The binding of peptides to class-I Major Histocompability Complex (MHC) receptors and their subsequent recognition downstream by T-cell receptors are crucial processes for most multicellular organisms to be able to fight various diseases. Thus, the identification of peptide antigens that can elicit an immune response is of immense importance for developing successful therapies for bacterial and viral infections, even cancer. Recently, studies have demonstrated the importance of peptide-MHC (pMHC) structural analysis, with pMHC structural modeling methods gradually becoming more popular in peptide antigen identification workflows. Most of the pMHC structural modeling tools provide an ensemble of candidate peptide poses in the MHC-I cleft, each associated with a score stemming from a scoring function, with the top scoring pose assumed to be the most representative of the ensemble. However, identifying the binding mode, that is, the peptide pose from the ensemble that is closer to an unavailable native structure, is not trivial. Oftentimes, the peptide poses characterized as best by a protein-ligand scoring function are not the ones that are the most representative of the actual structure. In this work, we frame the peptide binding pose identification problem as a Learning-to-Rank (LTR) problem. We present RankMHC, an LTR-based pMHC binding mode identification predictor, which is specifically trained to predict the most accurate ranking of an ensemble of pMHC conformations. RankMHC outperforms classical peptide-ligand scoring functions, as well as previous Machine Learning (ML)-based binding pose predictors. We further demonstrate that RankMHC can be used with many pMHC structural modeling tools that use different structural modeling protocols.

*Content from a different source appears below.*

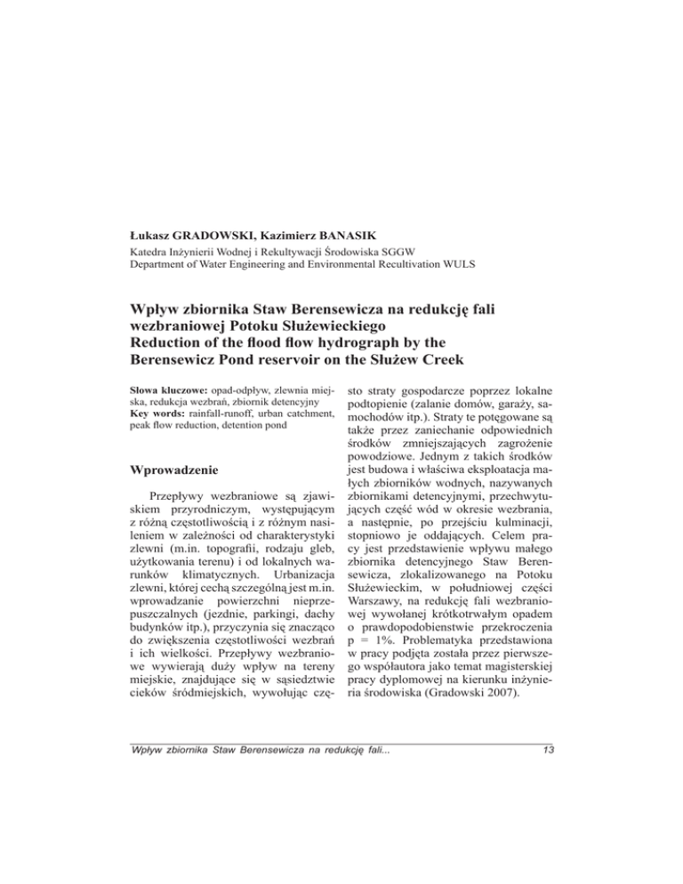 Łukasz GRADOWSKI, Kazimierz BANASIK Katedra Inżynierii Wodnej i Rekultywacji Środowiska SGGW Department of Water Engineering and Environmental Recultivation WULS Wpływ zbiornika Staw Berensewicza na redukcję fali wezbraniowej Potoku Służewieckiego Reduction of the flood flow hydrograph by the Berensewicz Pond reservoir on the Służew Creek Słowa kluczowe: opad-odpływ, zlewnia miejska, redukcja wezbrań, zbiornik detencyjny Key words: rainfall-runoff, urban catchment, peak flow reduction, detention pond Wprowadzenie Przepływy wezbraniowe są zjawiskiem przyrodniczym, występującym z różną częstotliwością i z różnym nasileniem w zależności od charakterystyki zlewni (m.in. topografii, rodzaju gleb, użytkowania terenu) i od lokalnych warunków klimatycznych. Urbanizacja zlewni, której cechą szczególną jest m.in. wprowadzanie powierzchni nieprzepuszczalnych (jezdnie, parkingi, dachy budynków itp.), przyczynia się znacząco do zwiększenia częstotliwości wezbrań i ich wielkości. Przepływy wezbraniowe wywierają duży wpływ na tereny miejskie, znajdujące się w sąsiedztwie cieków śródmiejskich, wywołując czę- sto straty gospodarcze poprzez lokalne podtopienie (zalanie domów, garaży, samochodów itp.). Straty te potęgowane są także przez zaniechanie odpowiednich środków zmniejszających zagrożenie powodziowe. Jednym z takich środków jest budowa i właściwa eksploatacja małych zbiorników wodnych, nazywanych zbiornikami detencyjnymi, przechwytujących część wód w okresie wezbrania, a następnie, po przejściu kulminacji, stopniowo je oddających. Celem pracy jest przedstawienie wpływu małego zbiornika detencyjnego Staw Berensewicza, zlokalizowanego na Potoku Służewieckim, w południowej części Warszawy, na redukcję fali wezbraniowej wywołanej krótkotrwałym opadem o prawdopodobienstwie przekroczenia p = 1%. Problematyka przedstawiona w pracy podjęta została przez pierwszego współautora jako temat magisterskiej pracy dyplomowej na kierunku inżynieria środowiska (Gradowski 2007). Wpływ zbiornika Staw Berensewicza na redukcję fali... 13 Opis obiektu badań Zlewnia Potoku Służewieckiego Jest ona położona w dorzeczu Wisły i znajduje się w południowej części Warszawy na terenie dzielnic: Ochota, Włochy, Ursynów i Wilanów. Potok Służewiecki rozpoczyna swój bieg w dzielnicy Warszawa Ochota przy alei Krakowskiej. Początkowy odcinek potoku przebiega jako kanał zamknięty do zbiegu ulic Hynka i Radarowej, gdzie dalej płynie jako kanał otwarty do terenu lotniska Okęcie. Pod terenem lotniska przebiega jako kolektor długości około 2,5 km. Wylot znajduje się przy ulicy Wirażowej. Od tego miejsca aż do ujścia do rzeki Wilanówki stanowi koryto otwarte, tylko w nielicznych miejscach przekształca się w kanał zamknięty. Całkowita powierzchnia zlewni Potoku Służewieckiego (do ujścia do Jeziora Wilanowskiego) wynosi 54,8 km2. Całkowita długość potoku jest równa 14,9 km (Operat hydrologiczny..., 2002). Głównymi jego dopływami są rowy otwarte (Rów Grabowski, Rów Wyścigi, Kanał Wolica). Pozostałe dopływy to rowy bez nazwy oraz wyloty kanalizacji deszczowej, odprowadzające wody burzowe z terenów zlewni potoku. Zlewnia Potoku Służewieckiego po profil Staw Berensewicza wynosi 26,9 km2, a długość głównego cieku 7,2 km. Z terenów dzielnic, na których znajduje się zlewnia Potoku Służewieckiego, wody deszczowe odprowadzane są za pomocą kanalizacji deszczowej lub za pomocą rowów melioracyjnych, pełniących funkcje odbiorników wód burzowych. Pierwotnie tereny zlewni Potoku Służewieckiego były użytkowane rolni- 14 czo. Również obecnie na terenach Ursynowa, Grabowa i Kabat znajduje się znaczna część obszarów niezabudowanych. Jednakże wzrastająca liczba ludności Warszawy i zapotrzebowanie na nowe mieszkania i usługi wymusza rozbudowę miasta i pozyskiwanie nowych terenów pod zabudowę (Banasik i in. 2007). Obszar zlewni Potoku Służewieckiego wraz z głównym jego dopływem – Rowem Grabowskim i zaznaczoną granicą zlewni po profil Stawu Berensewicza pokazano na rysunku 1. Staw Berensewicza Jest on położony w zlewni Potoku Służewieckiego w południowo-wschodniej części zabytkowego zespołu dworsko-ogrodowego „Wyczółki” przy ulicy Łączyny. Znajduje się w ciągu układu Potoku Służewieckiego na trasie między ulicą Kłobucką a ulicą Łączyny. Staw jest zasilany wodami z Potoku Służewieckiego i jego głównego dopływu – Rowu Grabowskiego. Staw ten składa się dwóch akwenów – dolnego, większego, i górnego, mniejszego. Staw dolny zlokalizowany jest bliżej ulicy Łączyny. W środku stawu górnego znajduje się wyspa, która w przeszłości była połączona z lądem za pomocą mostu, usytuowanego od strony północnej, po którym zachowały się tylko kamienne przyczółki. W centrum wyspy usytuowana jest murowana piwnica z wejściem od strony wschodniej. Staw Berensewicza został odbudowany w 2004 roku w celu retencjonowania wód z Potoku Służewieckiego w okresie przejścia fali wezbraniowej oraz odtworzenia historycznej kompozycji zespołu dworsko-ogrodowego „Wy- Ł. Gradowski, K. Banasik RYSUNEK 1. Lokalizacja zlewni Potoku Służewieckiego do profilu Staw Berensewicza (Banasik i in. 2007) FIGURE 1. Locality of the upper part of the river catchment of Służew Creek (Banasik et al. 2007) czółki”. W odbudowę Stawu Berensewicza wchodziły następujące prace: wykop namułów, pogłębienie oraz ukształtowanie skarp i wykonanie urządzeń wodnych dla prawidłowej pracy stawu (ujęcie wody na staw i mnich piętrzący wodę w stawie). Grobla ziemna, otaczająca staw dolny, została wyokrąglona i dostosowana do założeń programowo-przestrzennych rewaloryzacji zabytkowego ogrodu dworsko-ogrodowego „Wyczółki”. Linia brzegowa stawu górnego i wyspy pozostały bez zmian, zagospodarowanie terenu również nie zostanie zmienione.

RankMHC:学习对 I 类肽-MHC 结构模型进行排序。
肽与第一类主要组织相容性复合物(MHC)受体的结合,以及随后被下游的 T 细胞受体识别,是大多数多细胞生物体对抗各种疾病的关键过程。因此,识别能引起免疫反应的多肽抗原对于开发成功的细菌和病毒感染甚至癌症疗法具有极其重要的意义。最近的研究证明了多肽-MHC(pMHC)结构分析的重要性,pMHC 结构建模方法在多肽抗原鉴定工作流程中逐渐流行起来。大多数 pMHC 结构建模工具都提供了 MHC-I 裂隙中候选肽姿势的集合,每个姿势都有一个源自评分函数的分数,得分最高的姿势被假定为集合中最具代表性的姿势。然而,识别结合模式,即从集合中找出更接近于不可用的原生结构的肽位点,并非易事。通常情况下,蛋白质配体评分函数认为最佳的多肽姿势并不是最能代表实际结构的姿势。在这项研究中,我们将肽结合姿态识别问题归结为学习排名(Learning-to-Rank,LTR)问题。我们提出的 RankMHC 是一种基于 LTR 的 pMHC 结合模式识别预测器,它经过专门训练,可以预测 pMHC 构象集合中最准确的排序。RankMHC 的性能优于经典的肽配体评分函数,也优于以前基于机器学习(ML)的结合姿态预测器。我们进一步证明,RankMHC 可以与许多使用不同结构建模协议的 pMHC 结构建模工具一起使用。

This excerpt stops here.